Supreme Court rejects prisoner’s appeal on prolonged solitary confinement
The conservative majority of the Supreme Court rejected an appeal from an Illinois inmate in solitary confinement who argued that denying him exercise was a form of cruel and unusual punishment.
The brief did not contain a reason why the six conservative justices declined the prisoner’s appeal.
In a dissenting opinion, Justice Ketanji Brown Jackson, joined by Justices Sonia Sotomayor and Elena Kagan, harshly disagreed with the court’s denial, calling the lower court’s ruling in Johnson v Prentice an “indisputable legal error”.
The case pertains to Michael Johnson, an inmate at the Pontiac Correctional Center who was held in solitary confinement for nearly three and a half years during which prison officials refused to allow him recreation time in the prison yard.
“Johnson spent nearly every hour of his existence in a windowless, perpetually lit cell about the size of a parking space. His cell was poorly ventilated, resulting in unbearable heat and noxious odors. The space was also unsanitary, often caked with human waste,” the background of the claims.
Johnson filed a complaint, claiming his Eighth Amendment right to be free from cruel and unusual punishment was violated. But the district court claimed revoking yard time was not cruel nor unusual, and the Seventh Circut upheld the ruling on Johnson’s appeal.
Johnson then appealed to the Supreme Court, and while six justices did not see it necessary to rule in the case, the three liberal justices disagreed, saying the Seventh Circut focused on “trivial” aspects of Johnson’s case rather than all the evidence concerning his health.
Johnson, who was serving time for a home invasion, was classified as “seriously mentally ill” by the Illinois Department of Corrections due to his bipolar disorder and severe depression diagnoses, among other conditions.
In a typical prison sentence, even in solitary confinement, inmates are allowed recreation time for at least eight hours a week. This can be revoked in something called “yard restrictions,” which is a form of punishment for inmates’ infractions.

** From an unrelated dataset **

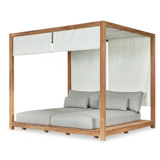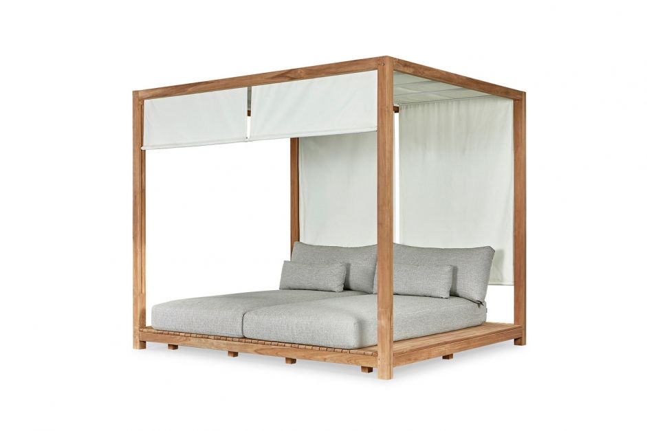 Solid Teak Wood Sabrina Outdoor Daybed With Teak Wood Material Natural Finish Sun Proof Cushion and Canopy

However, Johnson received more than 70 conduct violations – most of which were “minor” – that led to yard restrictions imposed between 30 and 90 days.
As a result, Johnson had more than three years’ worth of yard restrictions.
In her dissenting opinion, Justice Jackson outlined the ways that severely restricting Johnson’s ability to exercise impacted his mental and physical health.
“He suffered from hallucinations, excoriated his own flesh, urinated and defecated on himself, and smeared feces all over his body and cell,” Justice Jackson wrote, adding that he suffered from muscle spasms and developed respiratory difficulties.
“Johnson became suicidal and sometimes engaged in misconduct with the hope that prison guards would beat him to death…Worse still, Johnson’s dire physical condition led to further yard restrictions, as prison guards faulted him for being disruptive and having an unclean cell,” Justice Jackson added.
Eventually, Johnson was transferred to a mental health treatment centre where his condition improved.